§ Task to complete: Start to finish, retype the entries exactly while omitting the pictures.

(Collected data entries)
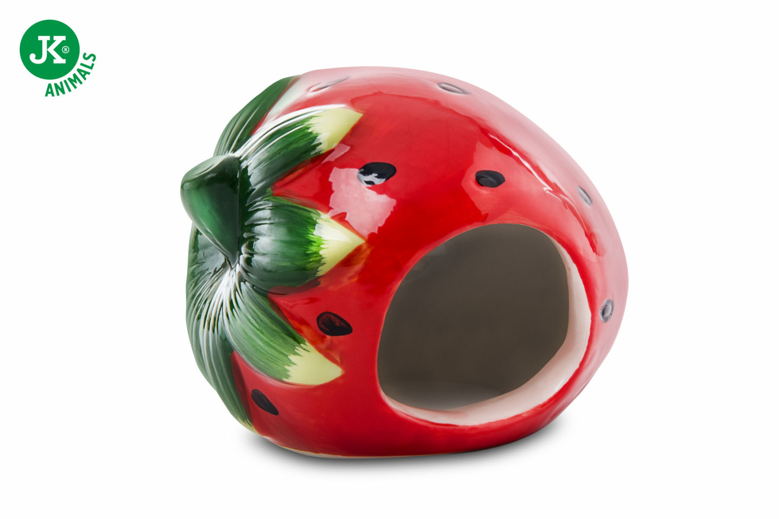 Malý keramický domek pro křečky. Domek ve tvaru jahody je ideální skrýší pro křečky, má pohodlný vstupní otvor. Dopřejte svému hlodavci bezpečné místo k odpočinku.
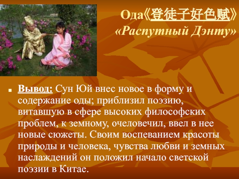 к земному, очеловечил, ввел в нее новые сюжеты. Своим воспеванием красоты природы и человека, чувства любви и земных наслаждений он положил начало светской поэзии в Китае.
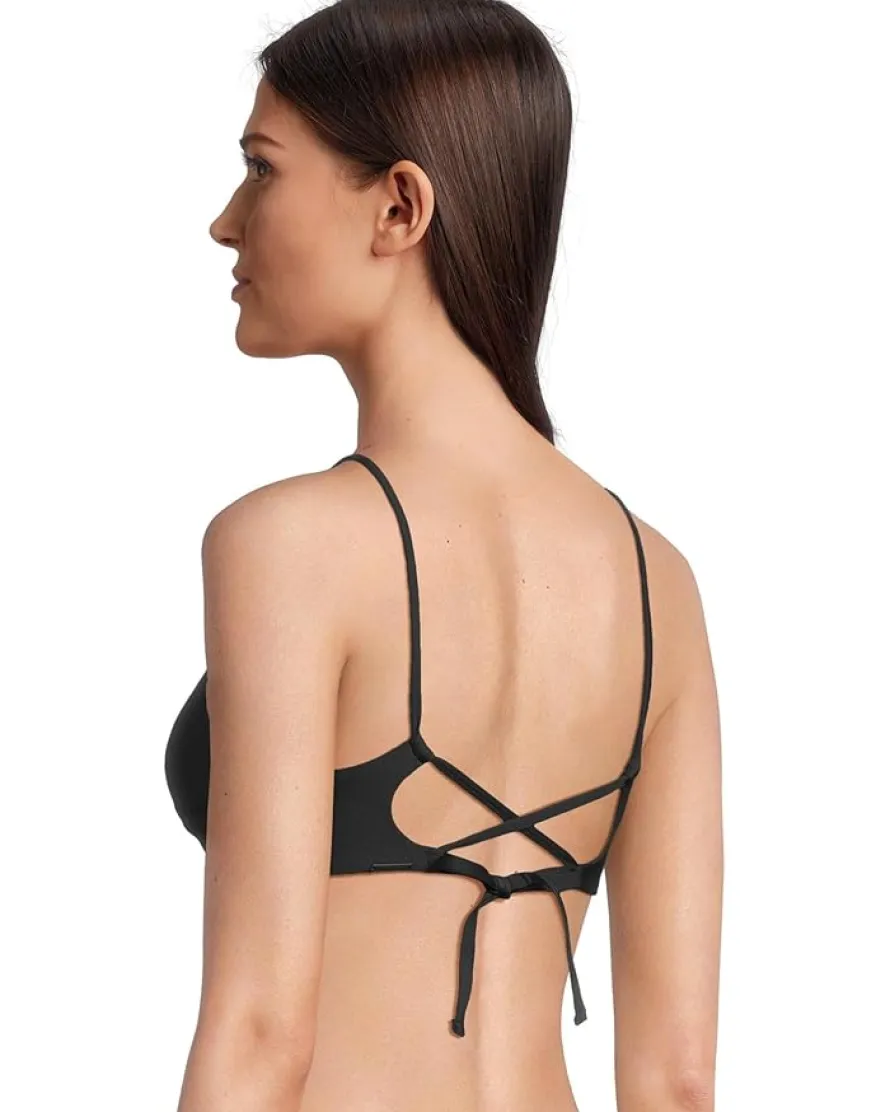 - The Sunsets lyla Bralette is a timeless staple for your swimwear collection. Designed with simplicity and versatility in mind, it offers a comfortable and flattering fit. Designed with a stylish crossover style and V-neckline, this bralette offers a flattering fit that will make you feel confident and beautiful. The interlacing string ties add a unique touch, while the removable cups and wire-free support provide all-day comfort.
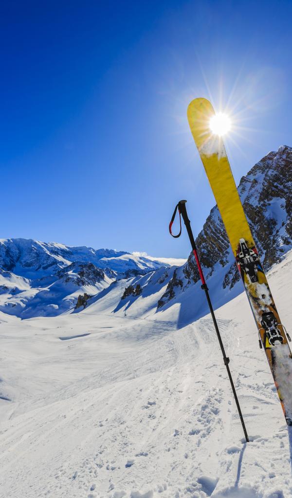 Wallpaper Skis with sticks in the snowy mountains in the sun
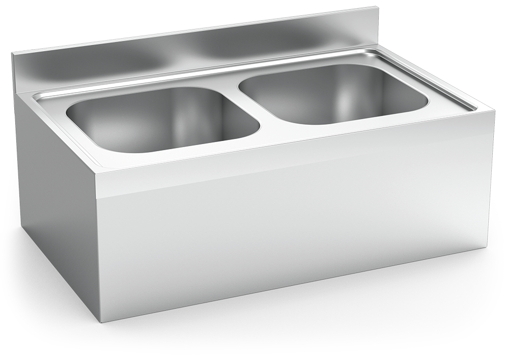 FRICOSMOS-Hängewaschbecken mit Schürze 2C 1000x700x355 mm. Eimerabmessungen 400x500x250 mm.
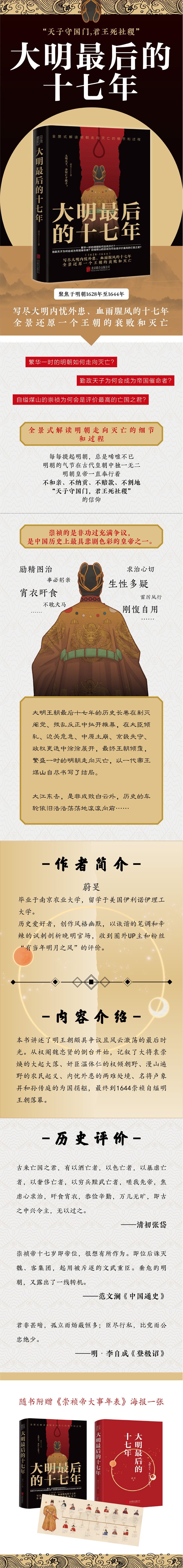 这十七年的历史长卷在剿灭阉党、拨乱反正中拉开帷幕,在大臣倾轧、边关危急、中原土崩、京畿失守、政权更迭中徐徐展开,终王朝倾覆,繁盛一时的明朝走向灭亡,以一代帝王煤山自尽书写了结局。
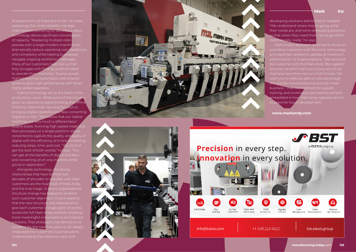 Mark Andy’ s approach continues to focus on providing customers with the tools, technology, and expertise needed to operate at maximum performance. As Duane explains,“ We surround the customer with the Mark Andy 360 support because we don’ t want you to buy one of our machines and then not run it full throttle. We want you to really be able to take advantage of it and be more productive and win more business.” That commitment to support, training, and continuous partnership remains embedded in how Mark Andy operates and in its plans for future development. ■
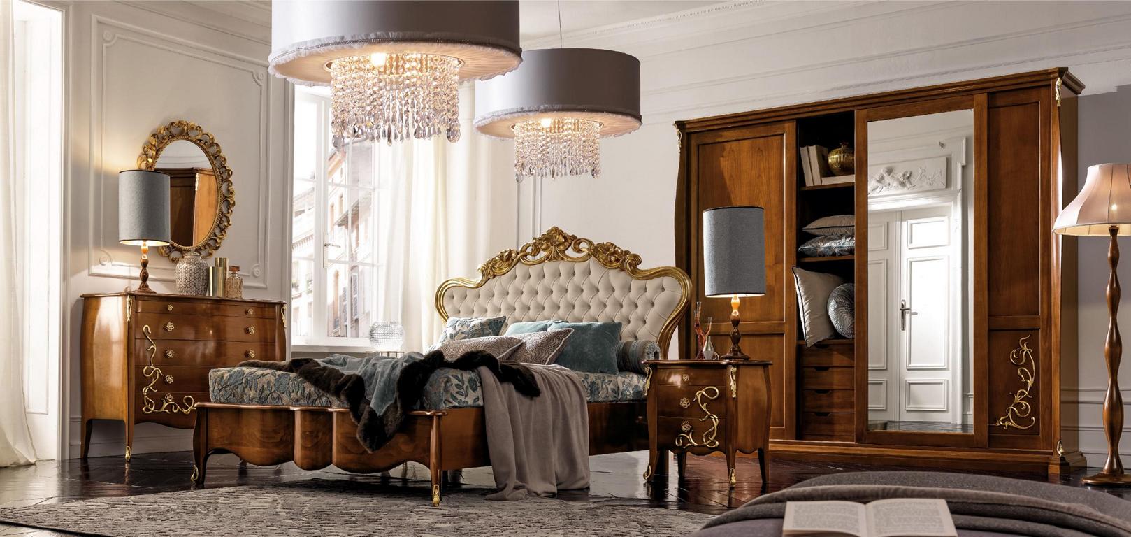 Schlafgarnitur, klassische Möbel, luxuriöses Bett

§ Written answer:
 Malý keramický domek pro křečky. Domek ve tvaru jahody je ideální skrýší pro křečky, má pohodlný vstupní otvor. Dopřejte svému hlodavci bezpečné místo k odpočinku.
 к земному, очеловечил, ввел в нее новые сюжеты. Своим воспеванием красоты природы и человека, чувства любви и земных наслаждений он положил начало светской поэзии в Китае.
 - The Sunsets lyla Bralette is a timeless staple for your swimwear collection. Designed with simplicity and versatility in mind, it offers a comfortable and flattering fit. Designed with a stylish crossover style and V-neckline, this bralette offers a flattering fit that will make you feel confident and beautiful. The interlacing string ties add a unique touch, while the removable cups and wire-free support provide all-day comfort.
 Wallpaper Skis with sticks in the snowy mountains in the sun
 FRICOSMOS-Hängewaschbecken mit Schürze 2C 1000x700x355 mm. Eimerabmessungen 400x500x250 mm.
 这十七年的历史长卷在剿灭阉党、拨乱反正中拉开帷幕,在大臣倾轧、边关危急、中原土崩、京畿失守、政权更迭中徐徐展开,终王朝倾覆,繁盛一时的明朝走向灭亡,以一代帝王煤山自尽书写了结局。
 Mark Andy’ s approach continues to focus on providing customers with the tools, technology, and expertise needed to operate at maximum performance. As Duane explains,“ We surround the customer with the Mark Andy 360 support because we don’ t want you to buy one of our machines and then not run it full throttle. We want you to really be able to take advantage of it and be more productive and win more business.” That commitment to support, training, and continuous partnership remains embedded in how Mark Andy operates and in its plans for future development. ■
 Schlafgarnitur, klassische Möbel, luxuriöses Bett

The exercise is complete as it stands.